Die Scharia als Propagandamaterial

Bei dem Begriff Scharia denken viele an eine Regierungsform nach religiösen Regeln. Damit verbundene Vorstellungen wie das Abschneiden von Händen bei Diebstahl, die Todesstrafe für Apostasie, Peitschenhiebe bei Ehebruch u.Ä., die teils religiösen Texten entlehnt sind, teils dem Regierungsstil und der Rechtsprechung des Mittelalters entstammen, lassen ein Bild entstehen, das einer Karikatur des Islam gleichkommt. Da über den Begriff »Scharia« in Europa zumeist in aggressiver Weise geschrieben und gesprochen wird, findet keine objektive oder wissenschaftliche Annäherung statt. Obwohl dieser Begriff im Koran von insgesamt 77 436 Worten nur einmal vorkommt, wird er von allen verwendet, die den Islam anprangern und Ängste in der Öffentlichkeit schüren wollen.

Die Tabuisierung der »Scharia« und anderer mit dem Islam zusammenhängender Begriffe in Europa widerspricht der Gedanken- und Meinungsfreiheit. Der Begriff »Scharia« konnte selbst im kommunistischen Jugoslawien frei von Vorurteilen verwendet werden, einem Land mit Einschränkungen in Gedanken- und Glaubensfreiheit. Die religiöse Trauung vor dem Imam, die zusätzlich zur standesamtlichen gefeiert wurde, hieß z.B. in Serbien, Bosnien oder Kroatien (und heißt dort heute noch so) šerijatsko vjencanje und wurde vom kommunistischen Regime keineswegs als Waffe gegen die muslimische Bevölkerung eingesetzt.

Dort war unter Muslimen ein Scharia-Verständnis üblich, das als Synonym für ethisch-moralische Werte angesehen wurde. In der kommunistischen Zeit gab es auch zahlreiche Veröffentlichungen, die im Titel das Wort Scharia als ethisch-moralischer Code führten. 37 Es ist heute im demokratischen Deutschland schwieriger als im kommunistischen Jugoslawien, diesen Begriff neutral zu verwenden. Auf der anderen Seite wurde der Begriff Scharia, genauso wie der Begriff Dschihad, von muslimischen Kreisen im Laufe der Geschichte missbraucht.

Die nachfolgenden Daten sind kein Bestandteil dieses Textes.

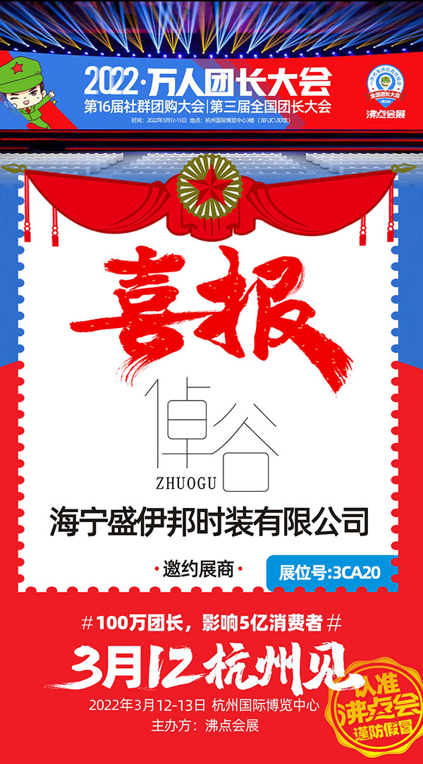 由沸点会展主办的2022开年展暨第16届沸点会(杭州)供应链展、社群团购与直播选品会、第三届全国团长大会&一件代发货源对接会系列活动将于3月12-13日在杭州国际博览中心隆重举办,聚焦双渠道、销量增长加倍。届时,海宁盛伊邦时装有限公司受邀参展。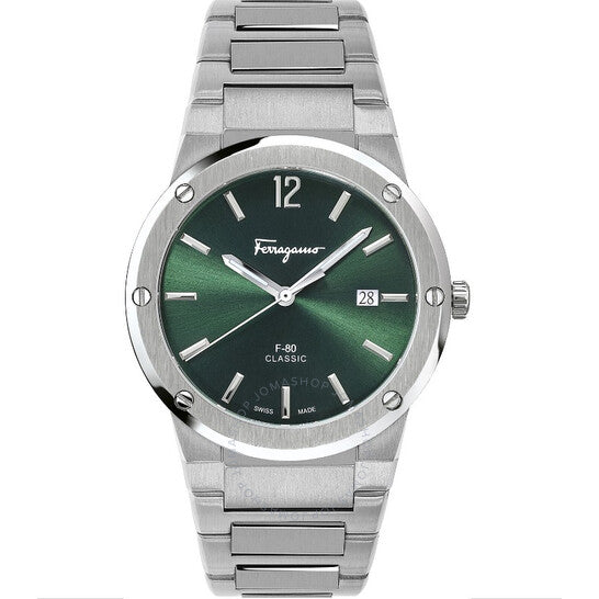 علبة وسوار من الفولاذ المقاوم للصدأ فضي اللون. إطار ثابت من الفولاذ المقاوم للصدأ فضي اللون. ميناء أخضر بعقارب فضية اللون وأرقام عربية مؤشرة عند موضع الساعة ١٢. نوع الميناء: تناظري. عرض التاريخ عند موضع الساعة ٣. آلية حركة كوارتز. زجاج ياقوتي مقاوم للخدش. تاج قابل للسحب/الدفع. غطاء خلفي صلب. شكل العلبة دائري، مقاسها: ٤١ مم. عرض السوار: ٢٦ مم. مشبك قابل للطي بزر ضغط. مقاومة للماء حتى عمق ٥٠ مترًا / ١٦٥ قدمًا. الوظائف: التاريخ، الساعة، الدقيقة، الثانية. طراز الساعة الرياضية. علامة الساعة: صناعة سويسرية. ساعة سلفاتوري فيراغامو كوارتز للرجال بمينا أخضر SFDT01220.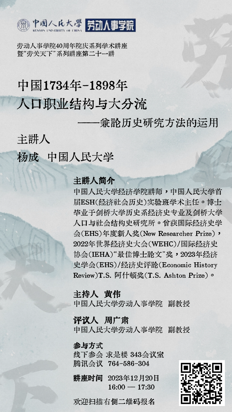 讲座题目:The occupational structure of late Imperial China, 1734-1898 and the Great Divergence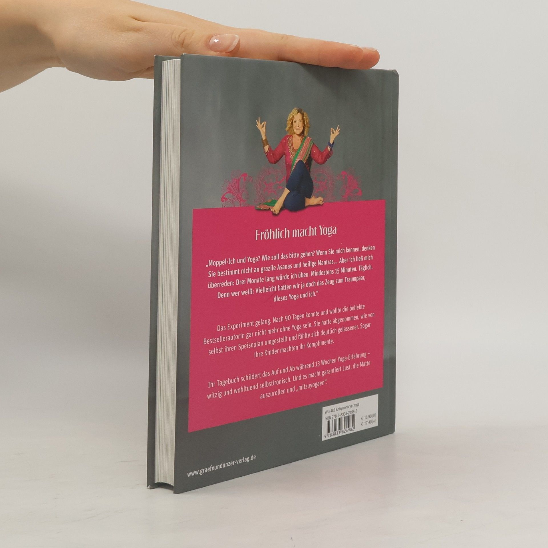 Mit einer großen Portion Skepsis und jeder Menge Vorurteilen tritt Susanne Fröhlich ihr neues Yoga-Projekt an. Drei Monate lang lässt sie die Leser teilhaben an ihrer Suche nach einem neuen Körpergefühl und dem täglichen Kampf gegen den inneren Yoga-Schweinehund. Was passiert, wenn das Moppel-Ich auf eine Yogamatte trifft und in die unbekannte Welt der Asanas eintaucht, erzählt die Bestsellerautorin gewohnt locker, selbstironisch und wie immer mit einem Augenzwinkern. Das Buch zeigt aber auch, dass Yoga bei jeder Kleidergröße Spaß machen kann und macht Mut, innere Hemmschwellen zu überwinden.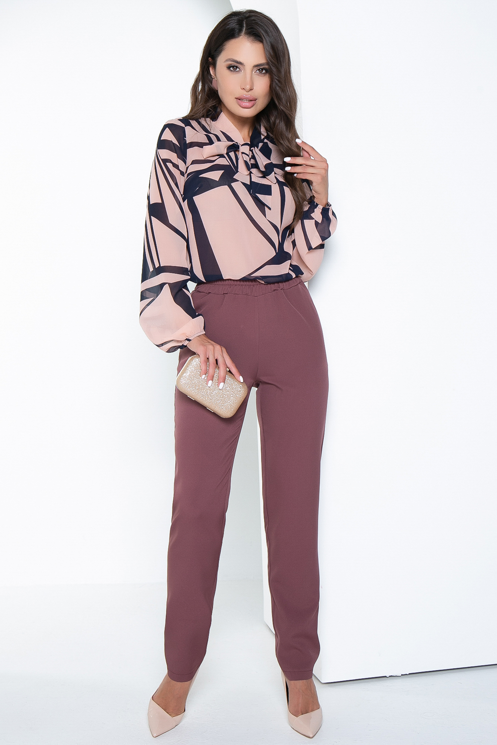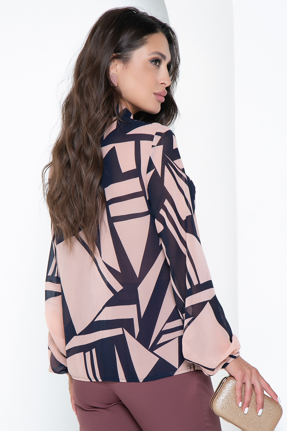 Блуза "Мэри" (пудра, геометрия) Б2626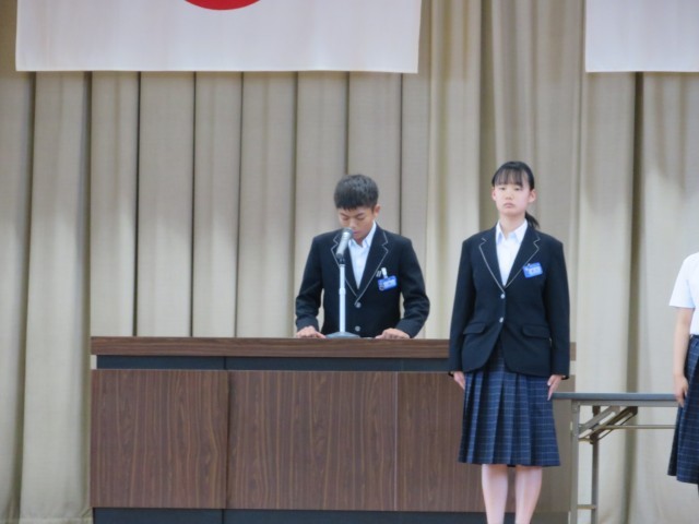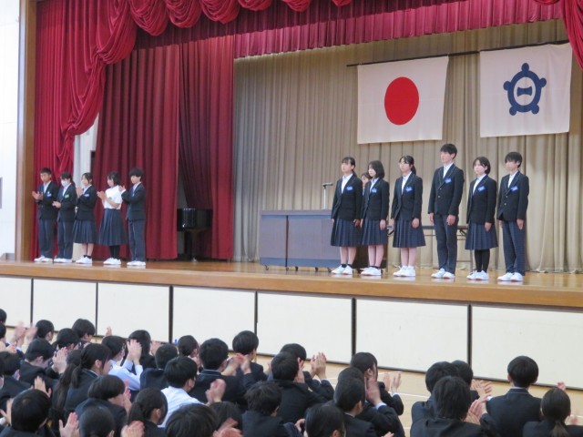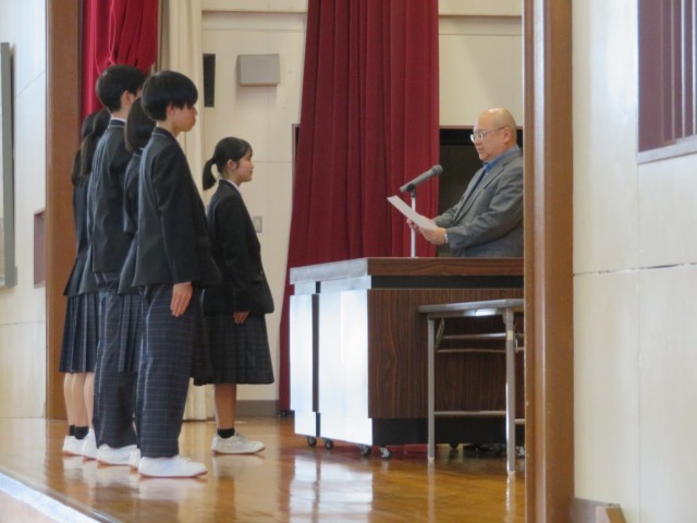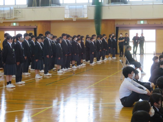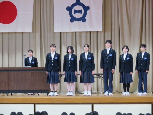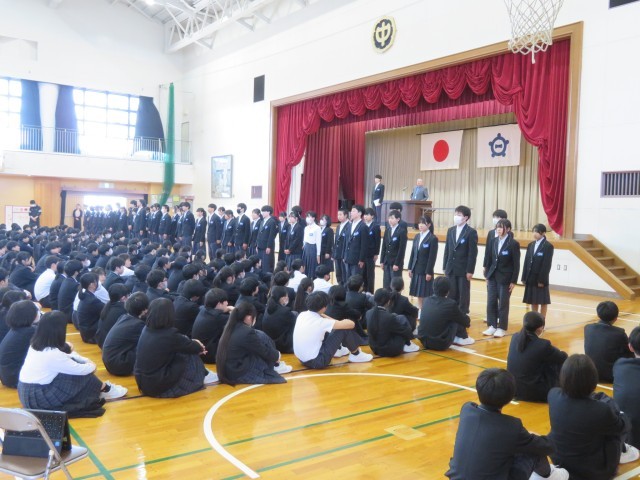 5時間目の時間を使って、前期役員の任命式を行いました。また、後期役員の退任あいさつ・前期役員就任あいさつがありました。全校生徒から感謝と応援の大きな拍手を送られました。後期役員の皆さん、ありがとうございました。前期役員の皆さん、リーダーとしての活躍を大いに期待しています。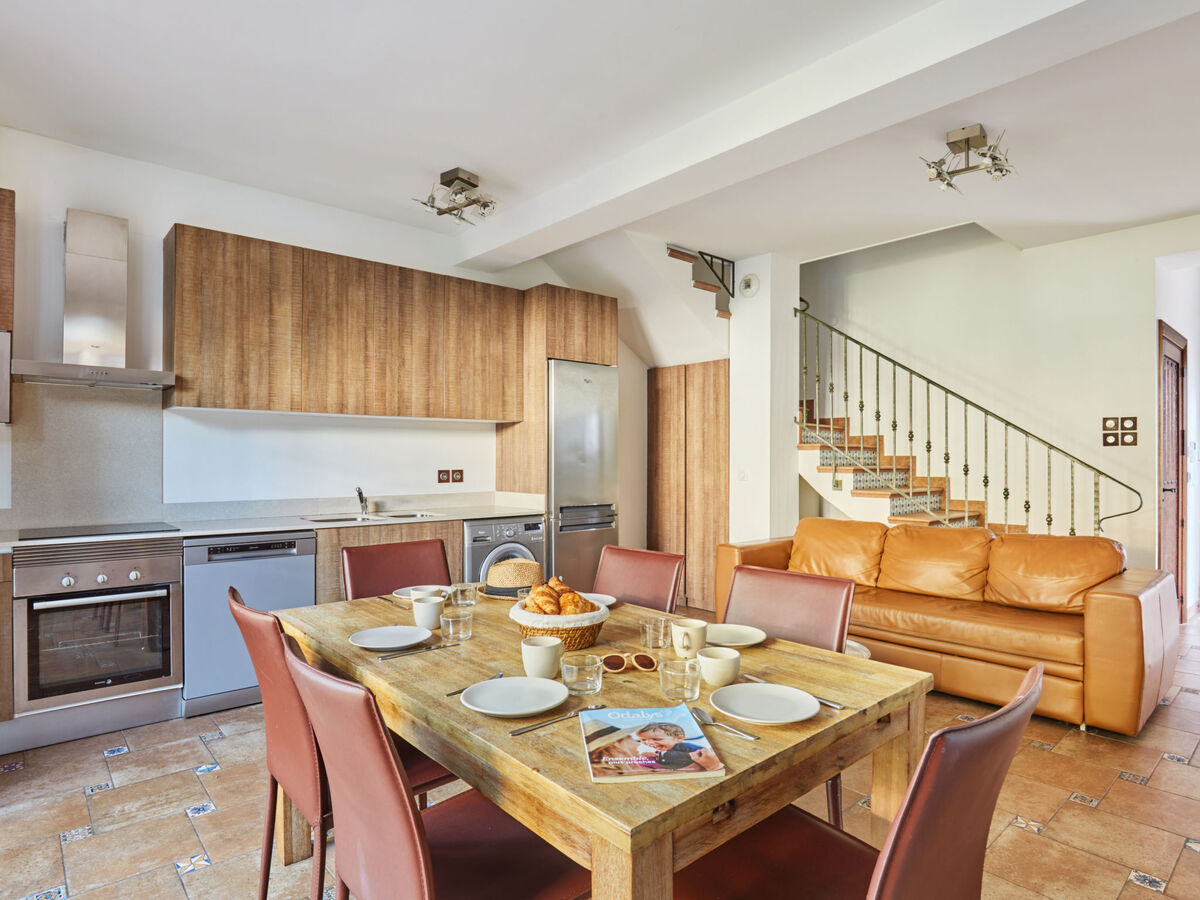 Cuisine ouverte (four, lave-vaisselle, 4 plaques vitrocéramiques, grille-pain, bouilloire électrique, micro-ondes, congélateur, cafetière électrique).

Sein ursprünglicher Sinn wurde entstellt - aus Unwissen, durch Vorurteile, wegen Ressentiments gegen den Islam oder wegen radikalen Bestrebens -, doch so wurde dem Missbrauch und der Diskreditierung dieses Begriffs Tür und Tor geöffnet. Ich habe in der Moschee von Penzberg in den letzten 15 Jahren über tausend Predigten gehalten und Gespräche geführt, und ich erinnere mich nicht, das Wort Scharia, im Sinne eines Rechtssystems vs. Grundgesetz, ein einziges Mal verwendet zu haben.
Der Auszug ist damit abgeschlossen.